Written by Julia Korenman, M.D.
October 15, 2022
In the intense summer heat, I was not in the mood for cooking or for eating heavy food and went looking for meal salads which required little prep. This one is easy, is good year-round, and doesn’t involve much cooking. It also makes a lot, so it’s good for a crowd or for leftovers. Farro has a slightly nutty flavor and is just as easy to prepare as the other grains, but has more protein and anti-oxidants.
This recipe is adapted from Healthy Kitchens, Healthy Lives (a course given by Harvard TH Chan School of Public Health and the Culinary Institute of America)
Yield 6-8 portions
INGREDIENTS:
1 cup Farro
Salt to taste
½ cup cilantro, minced
½ cup mint, chopped
Scallions, about 2 bunches—1 cup thinly sliced white part, ¼ cup chopped scallion greens
1 can black beans rinsed and drained
1 can chick peas rinsed and drained
1 red pepper, chopped into ½ inch squares
1 yellow pepper, chopped into ½ inch squares
3 cups cherry or grape tomatoes (I like grape tomatoes because they are bite sized)

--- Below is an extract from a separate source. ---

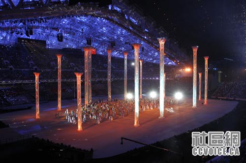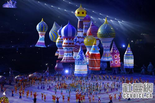 今晚的大型文艺表演分为三大部分,分别是中世纪的俄罗斯、俄罗斯帝国和当代俄罗斯。值得一提的是,整场演出融入非常高的科技含量,从希腊航海员在2000多年前发现索契,到伊凡四世创立了第一个沙皇帝国,再到1917年的十月革命以及1950年代后俄罗斯的快速崛起,让观众在不到一个小时内,“亲眼”见证了俄罗斯的历史变迁。

1 persian cucumber or equivalent chopped into ½ inch squares
1 cup almonds or walnuts, toasted and roughly broken
6 TBSP red wine vinegar or lemon juice
1-1.5 tsp cumin seeds lightly toasted, ground or chopped
½ tsp garam masala
6 TBSP extra virgin olive oil
DIRECTIONS:
- Make Farro as directed on package and let cool
- In a large bowl combine all other ingredients with cooled Farro
- Season with salt and pepper as desired.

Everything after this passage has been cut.